The Eukaryote Linear Motif resource for Functional Sites in Proteins
Accession:
Functional site class:
NLS classical Nuclear Localization Signals
Functional site description:
Many nuclear proteins possess a nuclear localisation signal (NLS) that is recognised by the importer protein importin-alpha. The NLS motif is primarily composed of basic residues and is found in two main variants: a monopartite form and a bipartite form with two short basic segments separated by a flexible linker. Importin-alpha is itself an adaptor for the nuclear transport receptor importin-beta. The latter is docked on the cytosolic side of the nuclear pore via repetitive FG, FxFG and GLFG linear motifs found in several nucleoporin proteins (FG-Nups) (Terry,2009). The cargo loaded importin complexes translocate through the nuclear pore while remaining attached to the flexible FG-Nups. Finally, binding of RanGTP to importin-beta drives cargo release, with the importin-alpha still being bound to nucleoporins located on the nucleoplasmic side. Importin-alpha must be returned to the cytosol to repeat the process.

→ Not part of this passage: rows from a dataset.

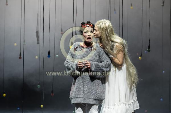 Ort: Berliner Ensemble. Titel: Draussen vor der Tuer. Autor: Wolfgang Borchert. Regie: Michael Thalheimer. Buehne: Olaf Altmann. Kostueme: Nehle Balkhausen. Premiere: 25.03.2022 Darst.: Kathrin Wehlisch (Beckmann, Der Andere), Philine Schmoelzer (Ein Maedchen). Copyright: Marcus Lieberenz/bildbuehne.de (Veroeffentlichung nur gegen Honorar und Belegexemplar!)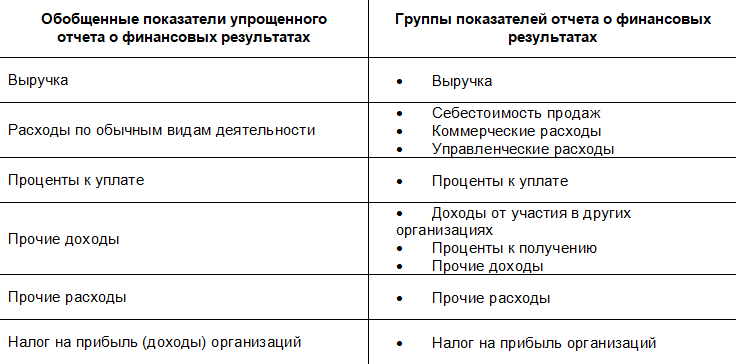 Соответствие показателей упрощенного отчета о финансовых результатах и обычного смотрите в следующей таблице.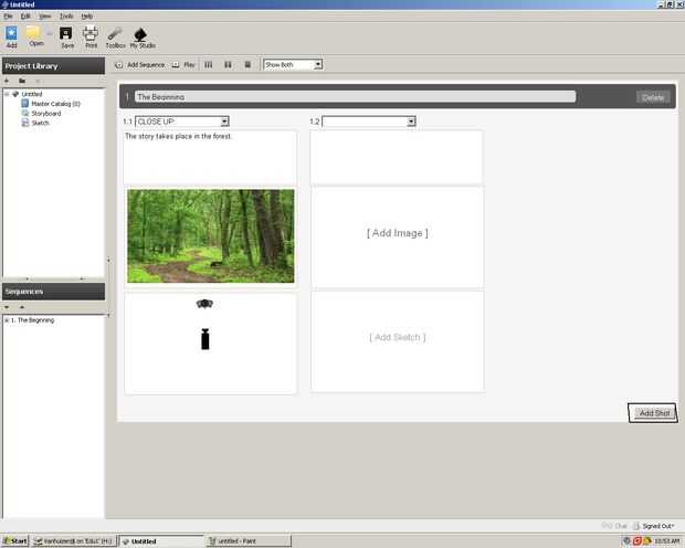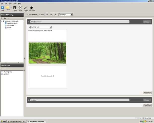 Añadir fotos desde el hardrive para poner en la escena o la escena de acción. Haga clic en Añadir dibujo para poner en la selección de cámara, los miembros del elenco y luces. Lo salida a continuación, haga clic en guardar para poner el bosquejo en el guión gráfico. Puede agregar tantos tiros al storyboard como desee haciendo clic en el icono Agregar un disparo. Para ir a la segunda escena haga clic en agregar secuencia cerca del extremo superior y repetir la misma secuencia. Este es un simple instructivo para utilizar el programa Celtx.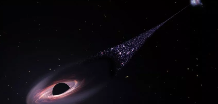 Un buco nero supermassiccio con una massa fino a 20 milioni di volte quella del Sole è stato espulso dalla sua galassia, trascinando con sé una scia di stelle lunga 200.000 anni luce

ELMs with same func. site: TRG_NLS_Bipartite_1  TRG_NLS_MonoCore_2  TRG_NLS_MonoExtC_3  TRG_NLS_MonoExtN_4 
ELM Description:
The monopartite nuclear localisation signal (mNLS) binds to the major site of importin-alpha. It always has a short basic cluster of lysines and arginines. Originally, the main positions were assigned as P1-P5. Now, the four positions P2-P5 are considered to build the core with three of these positions always occupied by basic residues. Complementary charges as well as the size of the individual binding pockets in importin alpha strictly control the P2 and P3 basic side chain preference: The P2 position is critical to anchor the motif: it must be occupied by a basic residue. Furthermore, if P2 is arginine, P3 must be lysine; whereas if P2 is lysine, P3 may be arginine or lysine. At least one of P4 and P5 must be a basic residue: There are preferences for hydrophobic or proline and against acidic residues at P4 and P5. Outside the core motif, there are additional preferences, which, though weaker, clearly play a role in NLS binding affinity, especially at P1, P6 and P7. P1 and P6 both have a preference for basic, Pro and hydrophobic residues. Acidic residues are almost never found in P1 and P6, whereas P7 has a clear preference for acidic residues: e.g. for c-myc (320-PAAKRVKLD-328), the lysine at P5 forms an intramolecular salt bridge with the aspartate residue (position 328) at P7, thus stabilizing the P5 residue by neutralizing its charge intramolecularly (Conti,2000). If positions with weaker preferences are all unfavourable, it is likely that P2-P5 must be four consecutive basic residues to achieve the required binding energy (possible alternative: Pro in P4). The rejection of acidic residues in most positions around the NLS, may allow some NLS activities to be regulated by phosphorylation as Ser and Thr residues are quite often found in the non-core positions. For ease of understanding, the monopartite NLS has been split into three regular expressions which collectively capture the core motif and the adjacent preferences.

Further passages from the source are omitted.